Let $M$ be a finitely generated module over a principal Ideal domain $R$. Show that there exists an $R$-module homomorphism $f: R^m\rightarrow R^n$ such that $M\simeq \frac{R^n}{\operatorname{Im}(f)}$, where $\operatorname{Im}(f)$ denotes the image of $f$.
Can anyone help me to write its proof? I have no ideas about it.
On
As $M$ is finitely generated, there's some surjection $g:R^n\to M$.
Let $K$ be the kernel of $g$, so $M\cong R^n/K$.
As $R$ is a PID it is Noetherian.
A submodule of a f.g. module over a Noetherian ring is f.g.
Then $K$ is f.g., and there's some surjection $h:R^m\to K$.
Let $f=i\circ h$ where $i:K\to R^n$ is the inclusion.
Just to clarify: You are supposed to show the existence of two natural numbers $n$ and $m$ together with a map $f \colon R^m \rightarrow R^n$ such that $M \cong R^n/\text{im}(f)$. What we will show is, that $n$ can be taken as the number of generators of $M$ (works as $M$ is finitely generated) and $m$ can be taken as the number of generators of the image of $f$ (in particular we need to argue that this image is free).

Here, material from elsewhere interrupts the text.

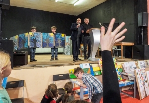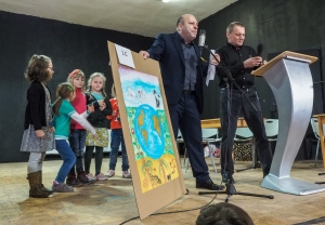 Prvního března 2017 odpoledne praskala ďáblická sokolovna ve švech…tedy kdyby nějaké měla. Konala se tady vernisáž a aukce výtvarných prací dětí z mateřské a základní školy, ale také z výtvarných kurzů Spolku Parkán, který bohulibou akci pořádal. Nejprve děti za školního dramatického souboru zahrály pohádku Šípková Růženka, po nich zazpívaly písničky a na hudební nástroje zahrály děti ze soutěže Ďáblický slavíček. Pak se ujali slova pánové Michal Mošnička a Vladimír Michek, kteří v aukci mistrným způsobem udržovali napětí a dosáhli vysokého ocenění dražených předmětů.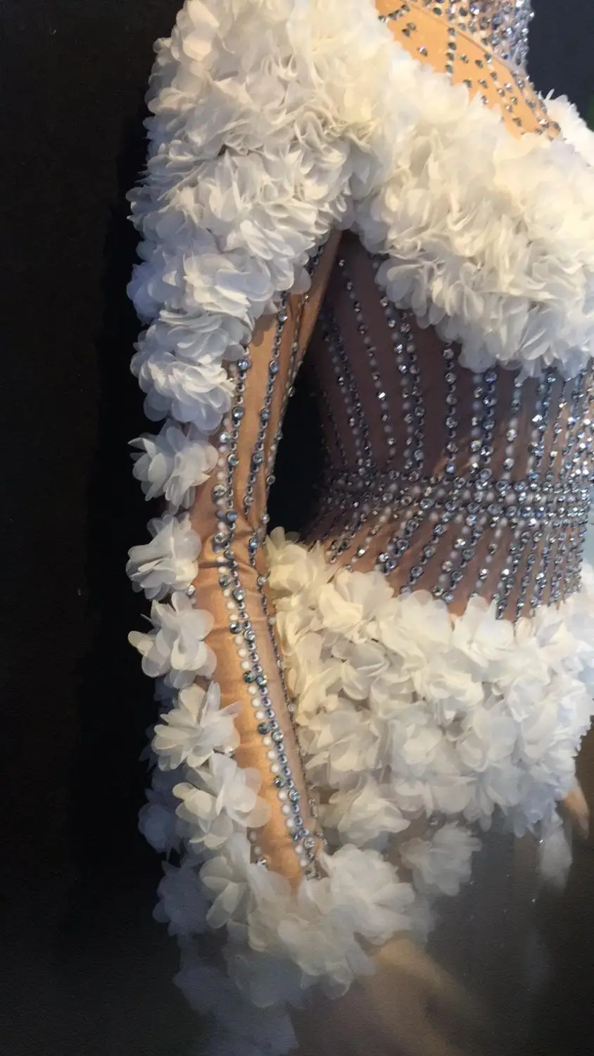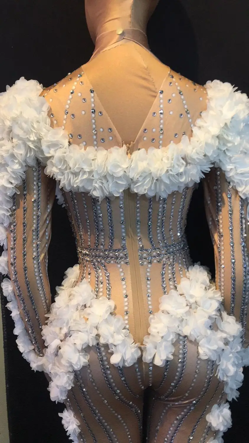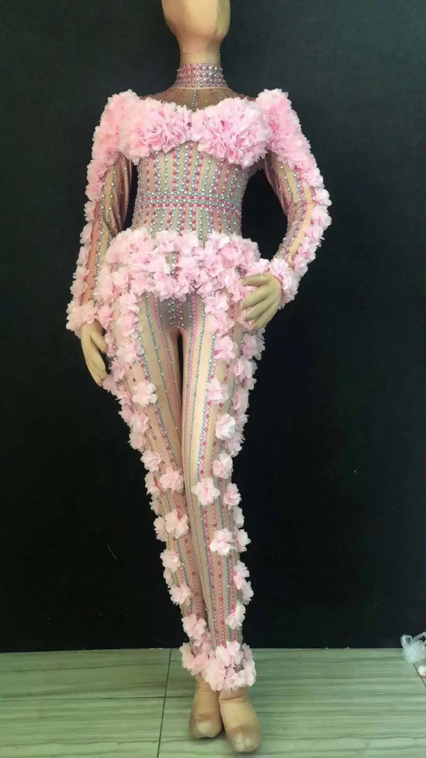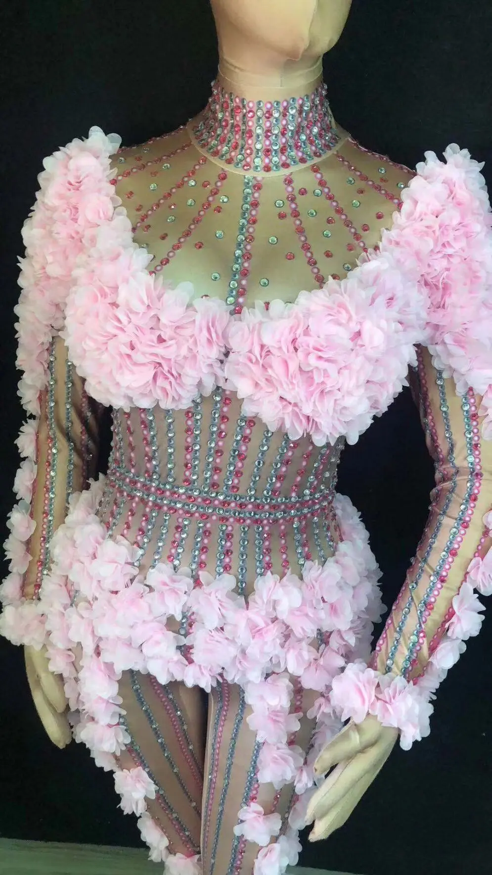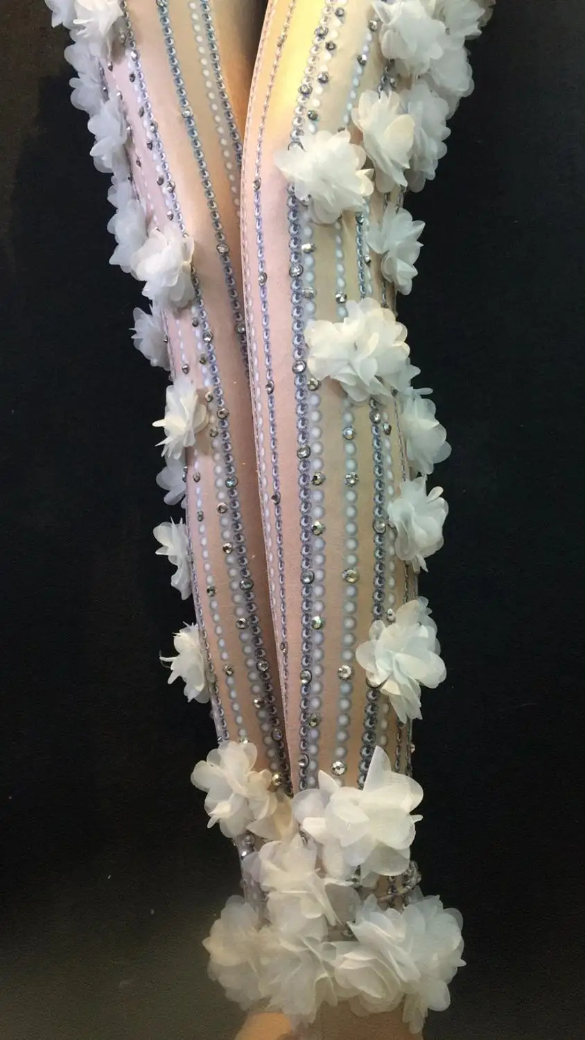 Женский костюм певицы для ночного клуба, сценический костюм с розовыми белыми цветами и кристаллами, комбинезон для празднования дня рождения, выпускного вечера, Вечерние боди для выступлений

Since $M$ is finitely generated, say by $n$ elements, we have a surjection $g \colon R^n \rightarrow M$ and therefore we get $M \cong R^n/\text{ker}(g)$. Now the kernel is a submodule of a free module over a pid and therefore free of say rank $m$. Thus there is a morphism $f \colon R^m \rightarrow R^n$ given by the composition of the isomorphism of the kernel to $R^m$ and the inclusion $i \colon \text{ker}(g) \rightarrow R^n$, such that $M \cong R^n/\text{im}(f)$.